Counteracting Bisphenol-A (BPA) in Pregnancy: A Rat Study

by | Jul 5, 2017 | 2016, Environmental Health, Indole-3 Carbinol, Pregnancy and Lactation

Written by Marcia J. Egles, MD. Dietary genistein and indole-3 carbinol, when given to pregnant female Sprague-Dawley rats exposed to Bisphenol A, modified the deleterious effect of morphological and gene expression changes induced in mammary glands of the offspring. 

Bisphenol A, or “BPA’, is a chemical widely used for over fifty years in the plastics industry. BPA (and related “replacement” bisphenols) are found in numerous products including food containers, the linings of canned food, PVC pipes, dental sealants, water bottles, baby bottles, cash register tapes and household appliances 1. Numerous studies have reported the presence of BPA in human serum, urine, breast milk, placental tissue, fetal plasma, amniotic fluid and umbilical cord blood 1-4.   Though the health significance of BPA is controversial, BPA has been categorized as an endocrine disruptor with weak estrogenic activity 3.

As exposure to BPA may be unavoidable in a world full of plastics 4(5), the reported study done in rats evaluates two dietary substances which might alter the estrogenic effects of BPA. The two substances are genistein (GEN) and indole-3-carbinol. GEN is the main phytoestrogen found in soy.  Indole-3-carbinol is a natural compound derived from glucobrassicin found in broccoli and related vegetables. Indole-3 carbinol in the diet may bolster the body’s ability to detoxify chemicals by increasing levels of important metabolizing enzymes 5.

In the study, three groups of pregnant female rats were exposed to low dose BPA, higher dose BPA, or no BPA. Each of the two BPA exposed groups were then subdivided to receive GEN or indole-3 carbinol supplements or phytoestrogen-free control rat chow.   The study then focused on the female offspring.
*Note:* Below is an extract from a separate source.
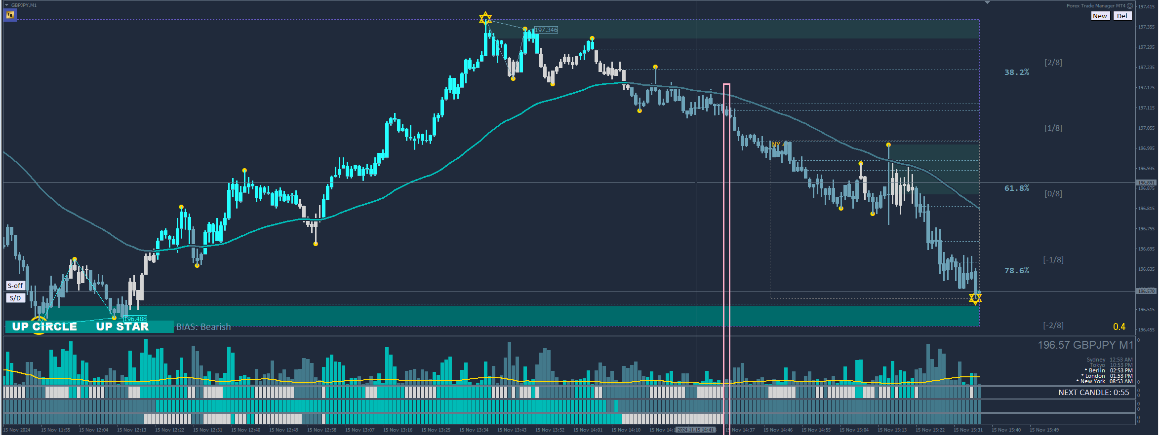 Closed GJ short now at resistance (bullish level), but if you have patience it will likely go down a little bit more before reversing (around 196.300/200)

When the female pups were 21 days old, their breast tissue was examined for changes in microscopic structure and in gene expression.
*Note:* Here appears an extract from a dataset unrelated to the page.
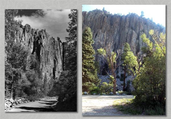 On our way to Red River to obtain two more photos we stopped at a scenic turnout in Cimarron Canyon State Park, which was the site of one of the photos. This photo was identified using the assistance of the Fan Page. The information that one fan provided on this photo was interesting, as they had posted their experience in finding this photo was simply happenstance. They were driving down highway 64 when they spotted the photo. I just think that is so cool. I only have had one of those experiences, but it feels really neat when you "stumble" upon one of the photos. |

The study’s lower dose BPA , at 25 micrograms per kilogram of mother rat body weight per day,( BPA25) is comparatively less than the “safe reference dose” established by the US Environmental Protection Agency for BPA at 50 micrograms per kilogram human body weight per day 5,6.   The higher dose BPA used in this study was 250 micrograms per kilogram body weight.  The respective groups of mother rats, 15 rats per group, received BPA exposures by gastric lavage on day 10 to day 21 of their pregnancies. From gestational day zero to gestational day 21, the dams had free access, according to their group assignment, to the control chow, to GEN supplemented chow (at 250mg GEN per kg of chow) or to indole-3 -carbinol supplemented chow (2000 mg per kg of chow).  Thereafter, including during lactation, the rats all were given the control diet.
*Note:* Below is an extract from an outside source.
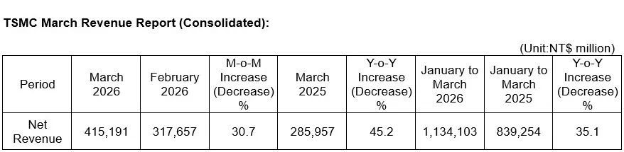 台积电刚公布了一季度的营收数据,不是完整财报,是提前披露核心营收,但这组数据已经足够炸裂。

In the offspring rats, the study found significant (p less than 0.05) differences in both microscopic breast structure and in gene expression related to BPA exposure and to the receipt of the dietary supplements.   For example, the BPA25 group which received no supplements had a higher number of mammary gland terminal structures, mammary branching and cell proliferation indices than that of the unexposed control group.  The BPA 25 exposed rats who also received either GEN or indole-3 carbinol, had a more normal pattern in their mammary gland structures and indices as compared to the unsupplemented BPA25 group.  Changes in clusters of “up and down” regulated genes associated with breast development were noted in the BPA groups, and were modified by the addition of indole-3-carbinol.

At the higher dose, BPA 250, the changes in mammary gland structure to the female offspring were not observed. This was thought due to a “U-shaped” response curve that can occur in hormone studies 5.

This study done in rats adds to the concern of even “safe” levels of BPA as an environmental risk, particularly in early pregnancy 5. Dietary intakes of vegetables such as broccoli may confer some protection against this risk.

Source: Grassi, Tony F., Glenda N. da Silva, Lucas T. Bidinotto, Bruna F. Rossi, Marília M. Quinalha, Laura Kass, Mónica Muñoz-de-Toro, and Luís F. Barbisan. “Global gene expression and morphological alterations in the mammary gland after gestational exposure to bisphenol A, genistein and indole-3-carbinol in female Sprague-Dawley offspring.” Toxicology and applied pharmacology 303 (2016): 101-109.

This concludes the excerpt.